= Dataset excerpt =
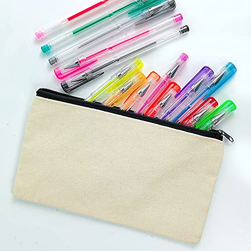 Astuccio in Tela Bianco,12 pezzi Borse per trucco in tela Astuccio per Matite Fai Da Te Pochette con Cerniera per Cosmetici,Deposito Cancelleria
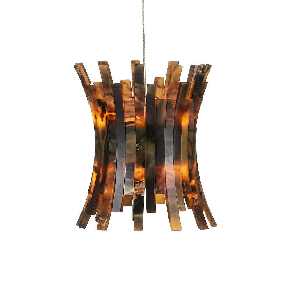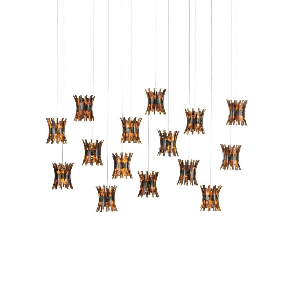 The shades of the Alsop Rectangular 15-Light Multi-Drop Pendant were inspired by tortoise shell bracelets that were popular during the era when Hollywood glamour was at its height. Made of composite with faux-horn surfaces, the shades on the brown pendant will be warm elements in a space. A refined aspect of the design is how the ribs arc outward and how they are staggered for greater texture than their surfaces bring. The canopy of this piece is luminous in a painted silver finish. This fixture is among Currey & Company's introduction of cluster lights, which includes multiple configurations.
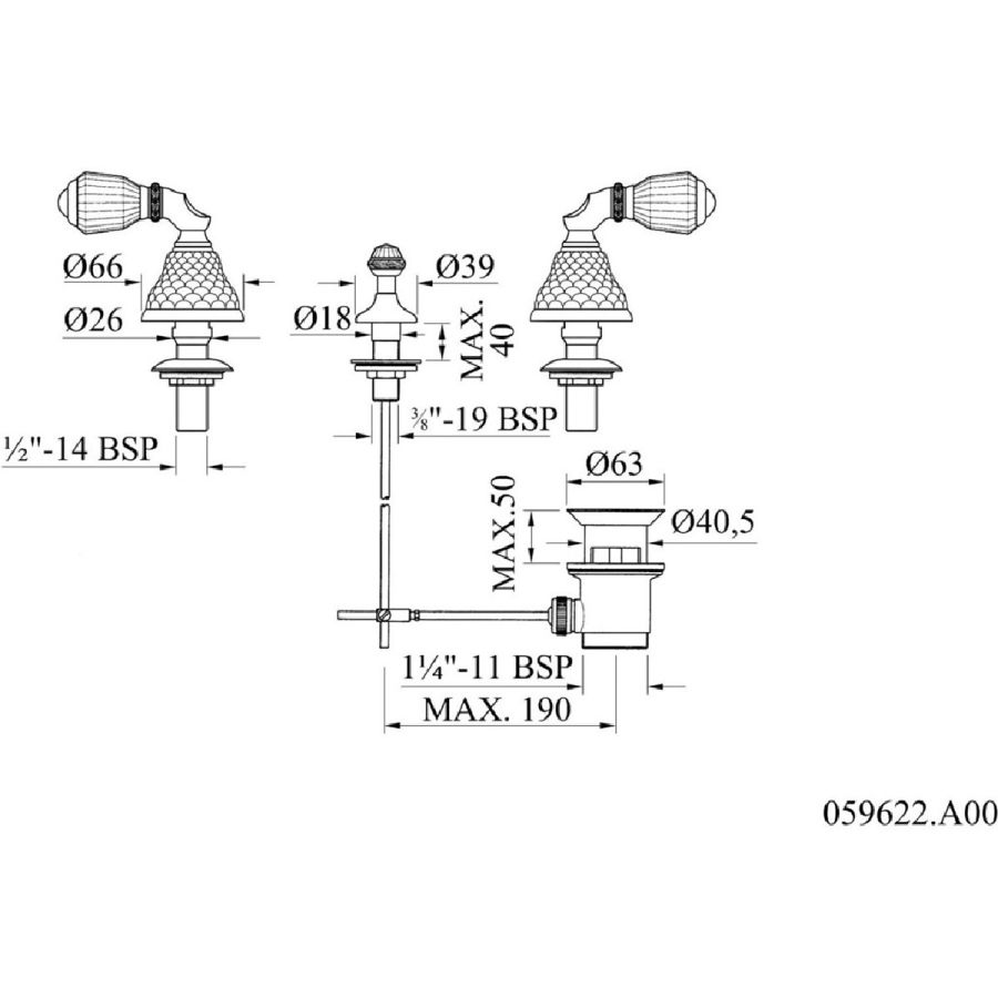 Bronces Mestre / Washbasin Fittings / Three holes basin set 059401.A00.71

= Task details =
Write out every line of the listing exactly as written, and leave the pictures out.

= Solution =
 Astuccio in Tela Bianco,12 pezzi Borse per trucco in tela Astuccio per Matite Fai Da Te Pochette con Cerniera per Cosmetici,Deposito Cancelleria
 The shades of the Alsop Rectangular 15-Light Multi-Drop Pendant were inspired by tortoise shell bracelets that were popular during the era when Hollywood glamour was at its height. Made of composite with faux-horn surfaces, the shades on the brown pendant will be warm elements in a space. A refined aspect of the design is how the ribs arc outward and how they are staggered for greater texture than their surfaces bring. The canopy of this piece is luminous in a painted silver finish. This fixture is among Currey & Company's introduction of cluster lights, which includes multiple configurations.
 Bronces Mestre / Washbasin Fittings / Three holes basin set 059401.A00.71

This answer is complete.